The 2016–17 Texas State Bobcats men's basketball team represented Texas State University in the 2016–17 NCAA Division I men's basketball season. The Bobcats, led by fourth-year head coach Danny Kaspar, played their home games at Strahan Coliseum in San Marcos, Texas as members of the Sun Belt Conference. They finished the season 22–14, 11–7 in Sun Belt play to finish in a three way tie for third place. At the Sun Belt tournament they defeated Louisiana–Monroe and UT Arlington before losing in the championship game to Troy.
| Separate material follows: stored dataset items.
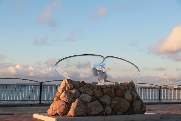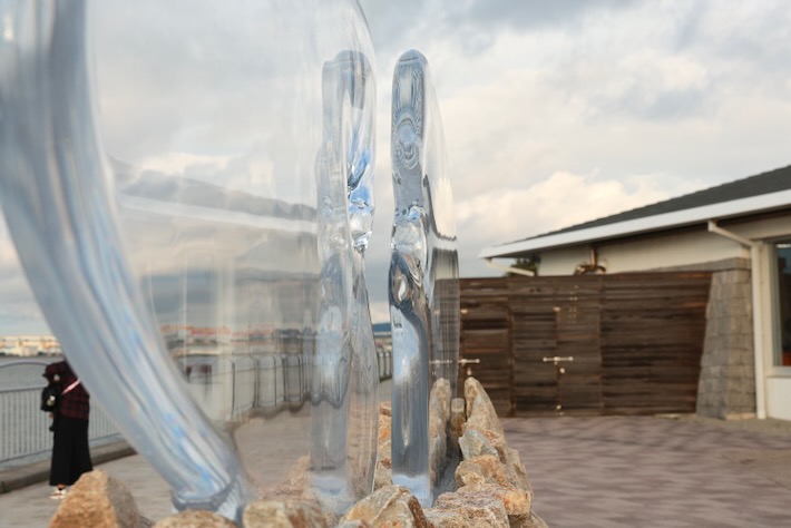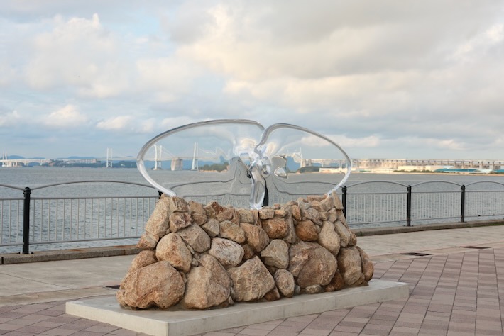 お祭りから離れて海沿いへ移動。屋外作品を鑑賞。
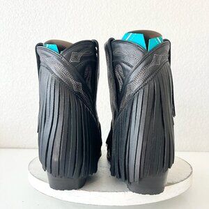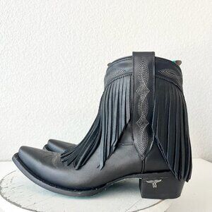 Lane Senita Falls Women's Fringe Cowboy Bootie in Jet Black leather with a Western snip-toe and Short Ankle Shaft.
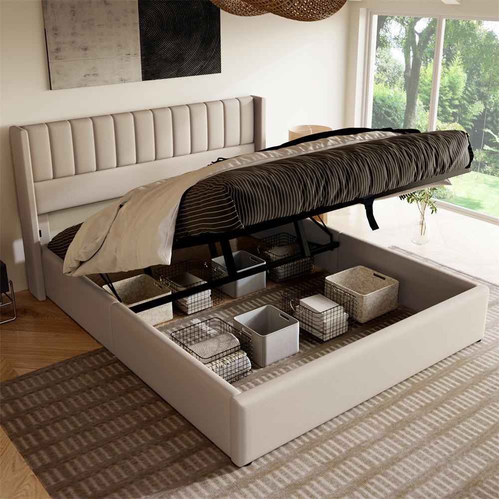 Tweepersoonsbed 160x200cm, hydraulisch gestoffeerd bed, opbergbed met houten lattenbodem, linnen, beige
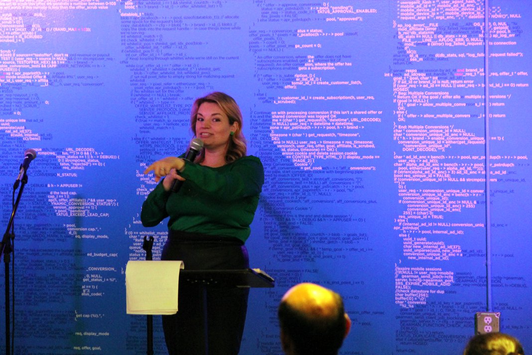 Sarah Bird, CEO of Moz was the evening’s keynote. She let the audience know this talk would be different from anything she had done before. She demonstrated vulnerability and shared personal stories about pivotal moments in her life that were shaped by the examples set by influential women like her mother, grandmother, the co-founders of Moz, and her career coach.

They received an invitation to the CollegeInsider.com Tournament where they defeated Lamar and Idaho before losing in the quarterfinals to Saint Peter's.

==Previous season==
The Bobcats finished the 2015–16 season 15–16, 8–12 in Sun Belt play to finish in a tie for seventh place. They defeated Georgia State in the first round of the Sun Belt tournament to advance to the quarterfinals where they lost to Texas–Arlington.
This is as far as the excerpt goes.